As the final set of scripts we explore a handler for dealing with lists of TIDs instead of just a beginning and an ending one. We will use it for only two, however, just to illustrate. Although AppleScript’s text item delimiters are literally a list of one or more strings as was mentioned above, current versions of AppleScript process only the first item of a list and ignore any others, present or not. If AppleScript’s text item delimiters was set to {“tid-1”, “tid-2”} only “tid-1” would be processed. The following is an example by Jon Nathan of a script for processing multiple delimiters.

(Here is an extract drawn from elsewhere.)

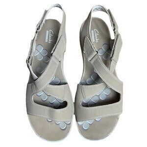 CLARKS Tresca Curve Wedge Sandal Women’s US 9 Greystone Tan Adjustable

The handler below depends on the technique of inserting a string not likely to be encountered in any real text, like “?|?” for example, as a marker for each of the delimiters in the given list to be processed, and then replaces the markers with the saved TIDs. To accomplish this, the handler that does it runs through a repeat loop, inserting the marker in place of each delimiter, and then, having marked them all, the handler replaces the markers with the original delimiters.

set the_string to "This is a string: with_multiple delimiters."
set the_delims to {":", "_"}
my multi_atid_split(the_string, the_delims)
--> {"This is a string", " with", "multiple delimiters."}

on multi_atid_split(the_string, the_delims)
	-- store the originals and set up the marker.
	set {OLD_delim, _marker_} to {AppleScript's text item delimiters, "?|?"}
	-- process each of the delimiters in the_delims replacing each with the  _marker_
	repeat with this_delim in the_delims
		my atid(this_delim) -- see the handler that follows
		set the_string to text items of the_string
		my atid(_marker_)
		set the_string to text items of the_string as string
	end repeat
	-- At this point our text looks like this:
	-- "This is a string?|? with?|?multiple delimiters."
	my atid(_marker_) -- now get the markers out
	set the_string to text items of the_string
	my atid(OLD_delim) -- rebuild with the originals
	return the_string
end multi_atid_split

-- This 3-line handler saves a lot of typing.
on atid(the_delim)
	set AppleScript's text item delimiters to the_delim
end atid

This can be useful too when removing extraneous characters from text. Suppose we had phone numbers in a number of formats and for our database, we wanted a simple string of numbers including the area code but without parentheses, dashes or spaces in it. The following script does this for a sampling of four phone numbers (in the North American style) with and without area codes. It would be easy to modify it to accept a single phone number and clean out the characters we didn’t want.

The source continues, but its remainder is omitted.